A partir de uma construção temporal que une passado e presente, a história trata de um grupo escolar de amigos que, durante a ditadura de Hugo Bánzer, empreende uma viagem por um rio amazônico na porção boliviana, o Chapare, desde Puerto Villarroel até Trinidad, em 1977. Fascinados com a ideia da revolução nos moldes em que se deu a cubana, eles querem dar curso à guerrilha interrompida com a morte de Che Guevara em solo boliviano.

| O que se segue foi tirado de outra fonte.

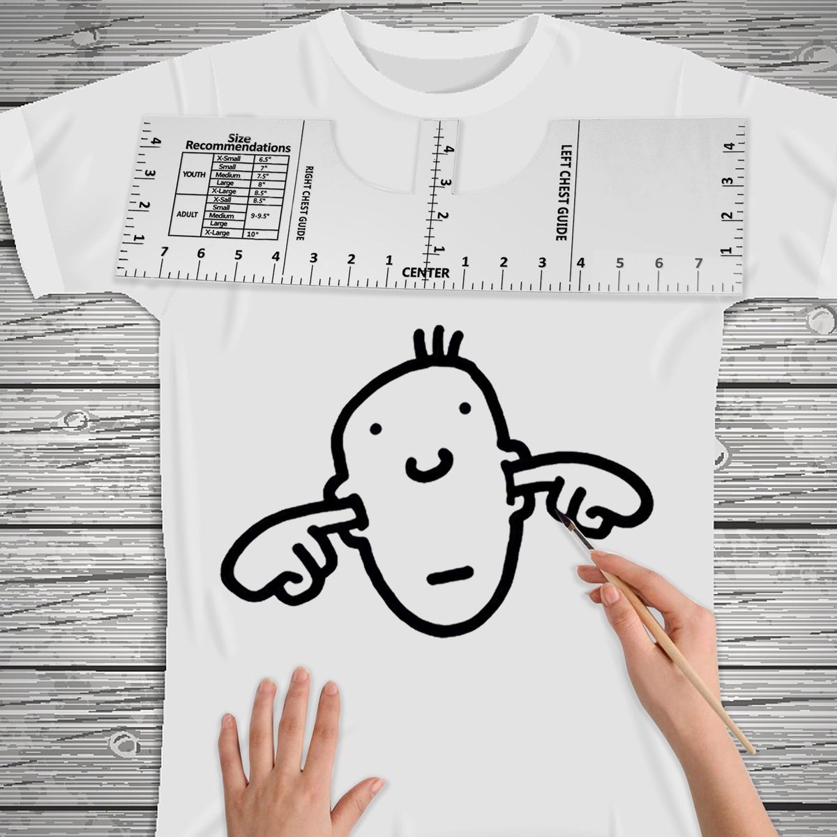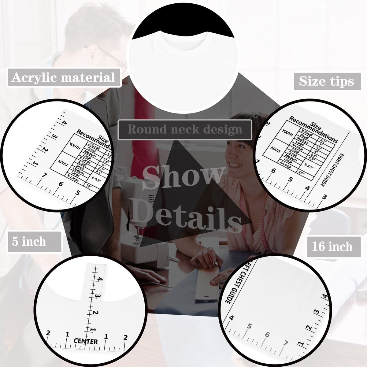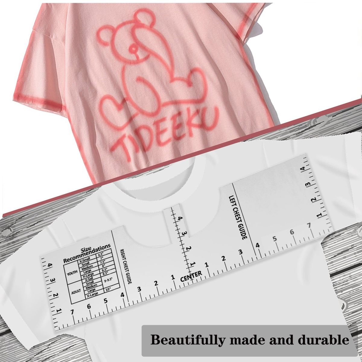 16*5in alignment ruler for measuring round neck t-shirt, with left and right chest guide for various sizes of youth and adult, convenient for using.

Decorridos mais de trinta anos daquela aventura, o narrador quer refazer o trajeto para tentar entender o que aconteceu com um de seus amigos e companheiro de viagem, Nicolás, desaparecido pouco tempo depois, nas águas do Caribe. A busca pelo passado se revela também uma investigação emocionante sobre os ideais e ilusões daquela época, em que a vontade de transformar o mundo era um poderoso motor. Diante dos destroços do que foi a fracassada guerrilha de Teoponte (no norte de La Paz; aí se faz importante a obra de Rodríguez Ostria sobre o episódio), o narrador experimenta, in loco, a morte cruel de utopias coletivas e pessoais.
Enquanto vai reencontrando pessoas que marcaram a primeira jornada, reflete sobre as circunstâncias que levaram Nietzsche a escrever Assim falou Zaratustra, em que a loucura final do protagonista se une ao ocaso dos ideais juvenis que ele vivencia. O livro é tomado da biblioteca de um personagem espectral na narrativa: tio Pepe, um jornalista crítico do comunismo, que se levanta todos os dias às cinco da manhã, e não é muito bem quisto pela família.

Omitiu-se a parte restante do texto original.